Adithya from Hymers College and Liam from Grange Primary School in Australia used similar methods not involving algebra. This is Liam's explanation:

Each jeweller has 1 of each jewel with the addition of their original gems -3 {because they have given away 3 of their original gems}.

The ruby jeweller has 4 more rubies than anyone else {since the ruby jeweller has 5 rubies left and the others each have 1 ruby}, the sapphire jeweller has 6 extra, the pearl jeweller has 96 extra and the diamond jeweller has 1 extra diamond, meaning:
4 rubies = 6 sapphires = 96 pearls = 1 diamond
If you divide 96 by 4 you get 24. This means that 1 ruby is worth 24 pearls.
If you do this with every gem you will find 1 diamond is worth 96 pearls, 1 sapphire is worth 16 pearls and 1 ruby is worth 24 pearls.

Joel, Frankie and Zach all used algebraic versions of Liam’s method.
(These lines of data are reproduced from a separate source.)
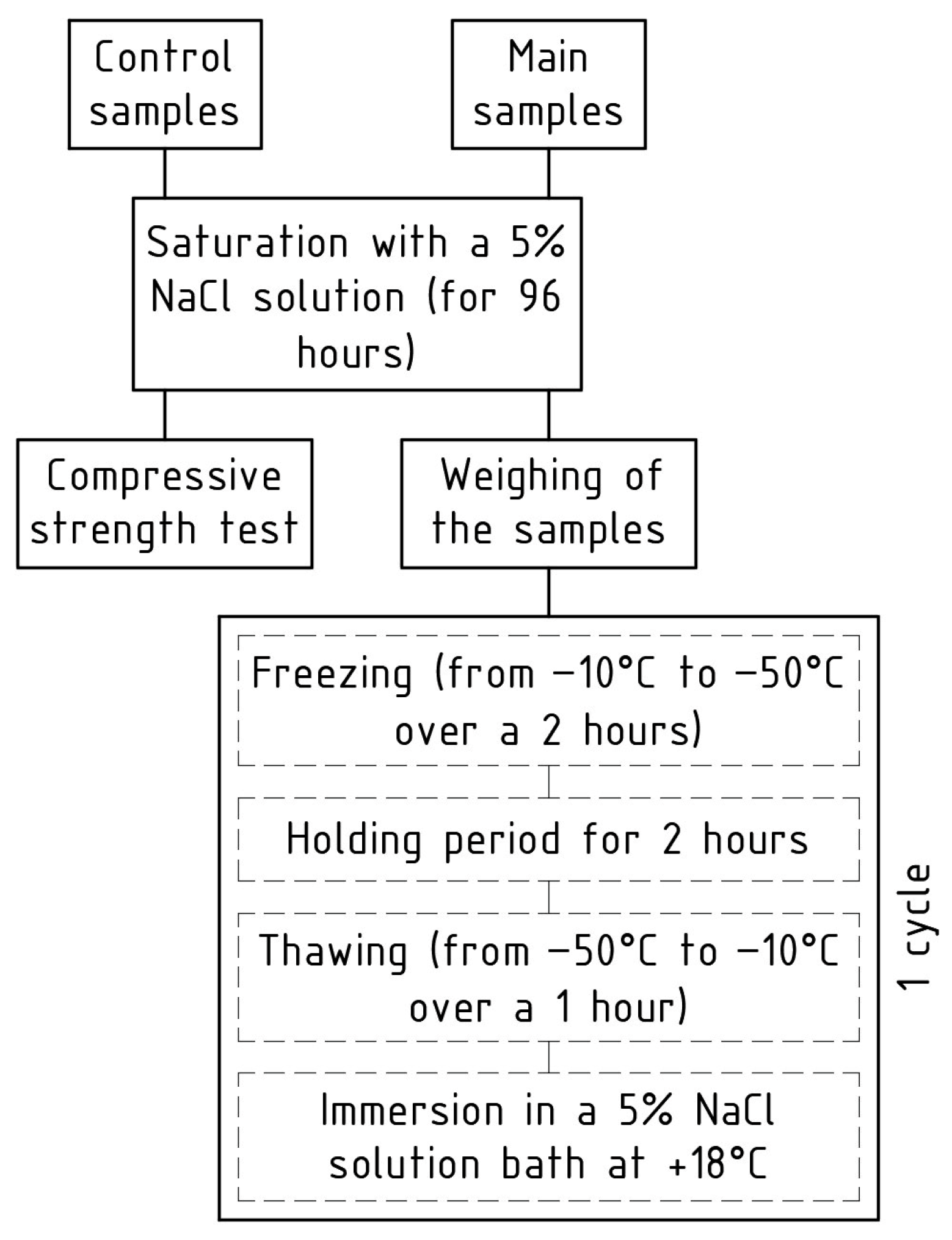 - DSTU B V.2.7-49-96; Building Materials. Concretes. Accelerated Methods of Determining Frost Resistance During Repeated Freezing and Thawing. State Scientific Research Institute of Building Structures (NIISK): Kyiv, Ukraine, 1996. Available online: http://online.budstandart.com/ua/catalog/doc-page?id_doc=4950 (accessed on 14 January 2026).
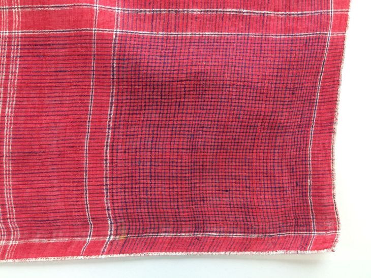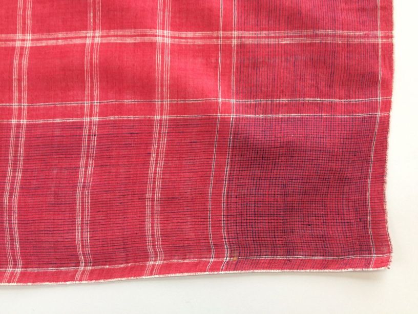 Hindelooper sondook met ingeweven ruit met rode grond en blauwe en witte strepen, met ingeweven rand rondom, lapkede
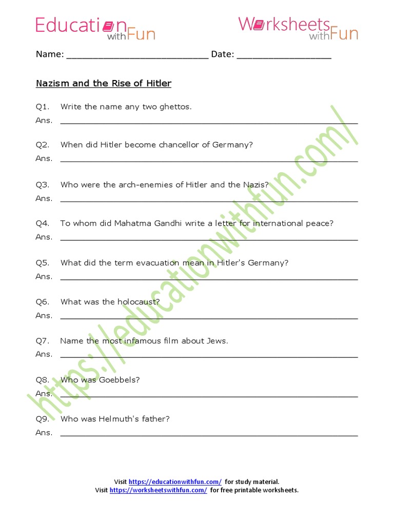 Nazism Worksheet PDFGermany Adolf

Frankie from the Ravensbourne School in the UK wrote:

$5r + 1s + 1p + 1d = 7s + 1r + 1p + 1d= 97p + 1r + 1s + 1d = 2d + 1r + 1s + 1p$
I decided to subtract $1s,$ $1p,$ $1r$ and $1d$ from all 4 {‘sides’ of the equation}:
$4r = 6s = 96p = 1d$

To work out how much each jeweller had lost or gained, Liam, James, Archita, Srushti, Ray and Alicia, Olivia & Bipanshu found the values of each collection in pearls to compare ‘before’ and ‘after’ values. Zach and Hamish both used a table to display the information clearly:

 Jeweller Start value in pearls End value in pearls Gain in pearls J1 $8r=192p$ $233p$ $233p-192p=41p$ J2 $10s=160p$ $233p$ $233p-160p=73p$ J3 $100p$ $233p$ $233p-100p=133p$ J4 $5d=480p$ $233p$ $233p-480p=-247p$

Fai, Joel and Frankie used their previous working to express the loss or gain of each jeweller in terms of the gems they had at the beginning. For example, Frankie had rearranged the equations and relative values to get

$s=\dfrac{2}{3}r,$ $p=\dfrac{1}{24}r$, $d=4r$
So J1 has: $5r+\dfrac{2}{3}r+\dfrac{1}{24}r+4r=\dfrac{233}{24}r$ worth of gems. {From $8r$, this is} a gain of $\dfrac{41}{24}r$, which is about $1.71r.$

Amrit and Lalit also found the changes correcly, Amrit by subtracting algebraic expressions, and Lalit assigning a value of 1000 to each collection. Well done to you all!